- Born: 1250
- Died: 1268 (aged 17–18)
- Burial: Svetitskhoveli Cathedral
- Dynasty: Bagrationi
- Father: David VII
- Mother: Altun Jigda-Khatun (step-mother)
- Religion: Georgian Orthodox Church

= George (son of David VII of Georgia) =

Georgian prince (1250–1268)

George (გიორგი) (1250–1268) was a Georgian prince of the 13th century. He was the son of King David VII Ulu, and the designated heir to the throne of eastern Georgia. George is primarily remembered for his captivity at the Mongol court of Hulegu Khan. After being held as a hostage for a year, he was released and later took part in several military campaigns alongside his father. He died in 1268, before succeeding to the throne.

==Biography==
George was born in 1250, according to Vakhushti Bagrationi. He was the first son of King David VII Ulu of Georgia (1247–1270) and his temporary consort, Altun, an Alan woman whom the king married for the purpose of producing an heir. After the birth of a second child, Tamar, Altun was sent back to Alania, and George was subsequently adopted by Queen Jigda-Khatun. From that point onward, he was recognized as the heir to the Georgian throne. George, along with his father, step-mother, and David VI Narin is mentioned in a church inscription from Abelia in the south of Georgia.

Shortly after the revolt of the co-king David VI Narin in western Georgia in 1259, the Il-Khan Hulegu Khan sought to strengthen his ties with David Ulu, who was also in rebellion. Hulegu proposed a peace agreement with Georgia, agreeing to release his Georgian hostages—the queen Gvantsa and Prince Demetrius—and to recognize David VII as the legitimate ruler of the kingdom. In return, the young George was sent to Persia as a hostage.

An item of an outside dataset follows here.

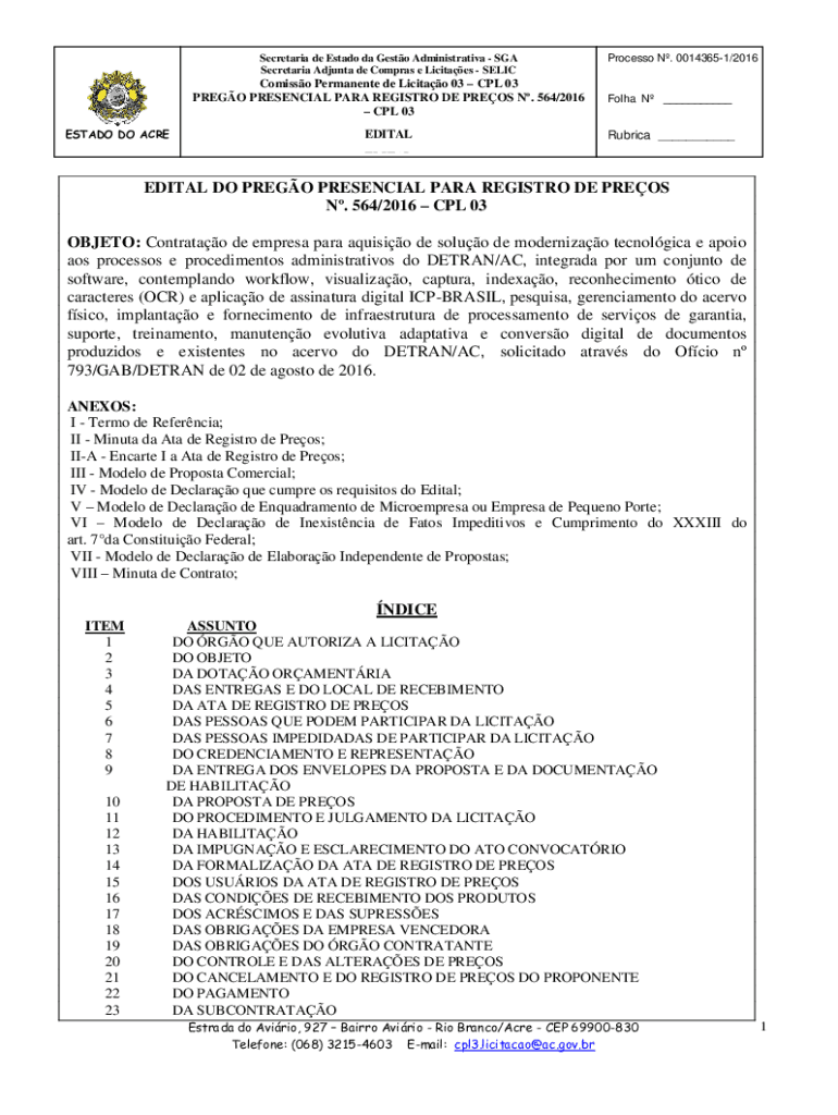 Secretariat de Estado the Gusto Administrative SGA Secretariat Ad junta DE Cameras e Lucites SELICESTADO DO Reprocess N. 00143651/2016Comisso Permanent de Licitao 03 CPL 03 PRESO PRESENCE PARA REGISTRY

Accompanied by the Christian envoy Enuk Arkun, George traveled to the Mongol court, passing through Tbilisi, where he was received with honor by the Georgian nobility and placed under the protection of the Mongol ambassador Arghun. Upon his arrival in Persia, the Georgian prince was courteously welcomed by Hulegu Khan and resided at the Mongol court for a year. During his stay, he reportedly developed a close relationship with Queen Doquz Khatun.

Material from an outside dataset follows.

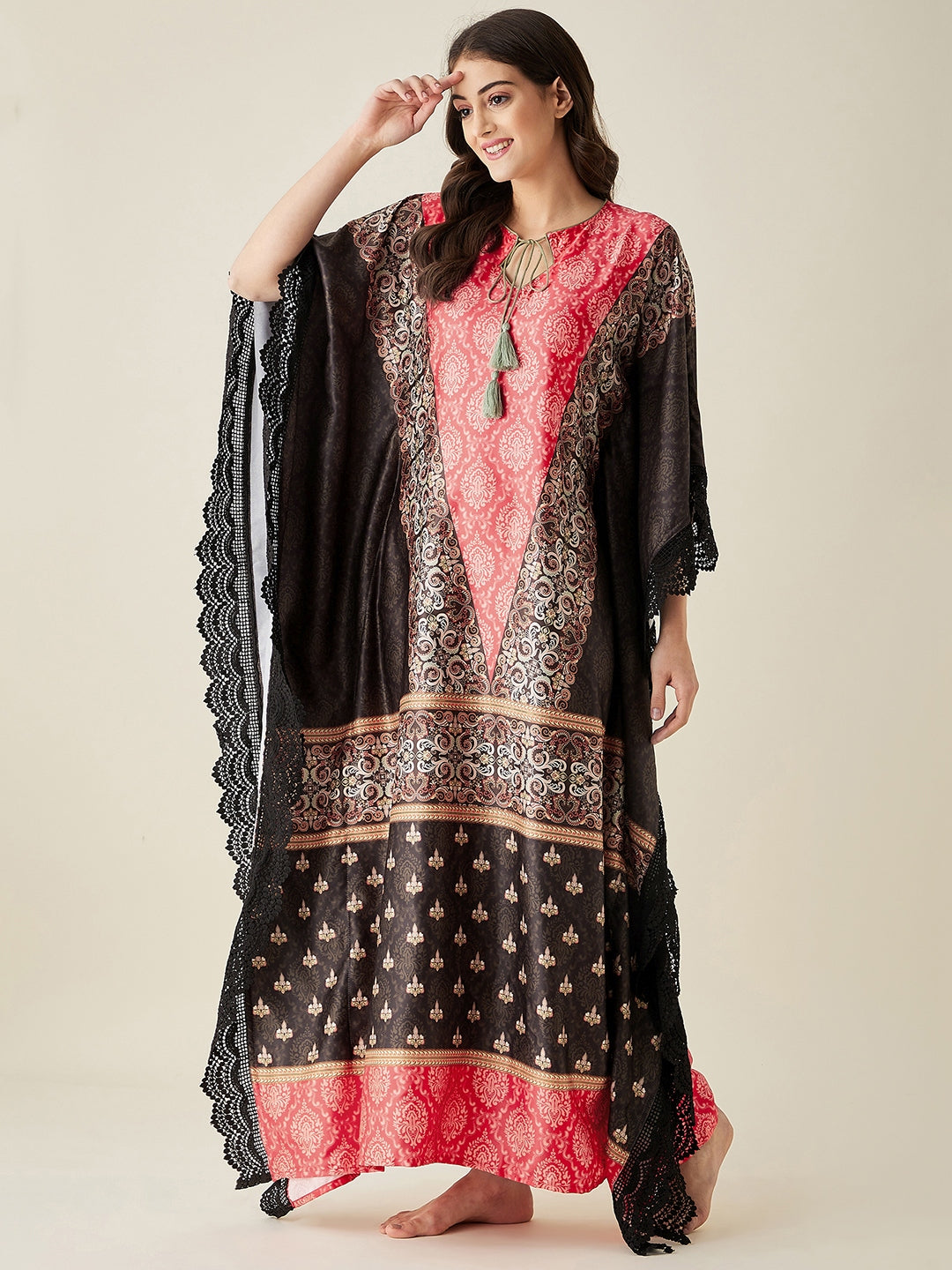 Red and Black Satin Ethnic Motif Kaftan Night Dress with enhancing Kaftan border along the edges and contrast tie up Detailing on the neck

However, when the Mongols violated the peace treaty previously concluded with Georgia, King David VII refused to visit the Mongol court to meet his son. Enraged by this defiance, Hulegu Khan ordered George’s execution. The intervention of Enuk Arkun and Queen Doquz Khatun saved the young prince’s life, and he was subsequently sent back to his father.

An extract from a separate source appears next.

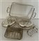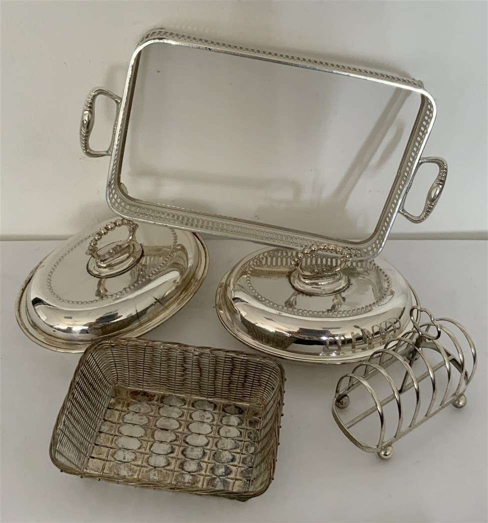 Lotto composto da due legumiere, un porta-pirofila, un porta-toast e un cestino in metallo argentato (difetti)
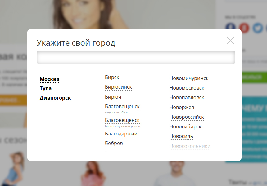 Улучшенный выбор местоположения с определением по IP, выбор города из списка

Around 1265, George took part in a campaign alongside his father against the Tatars. During this time, he fell gravely ill, leading many to believe he had died. According to The Georgian Chronicles, national prayers were held for his recovery, after which George was miraculously cured. The illness, however, was said to have passed to King David, who later recovered as well.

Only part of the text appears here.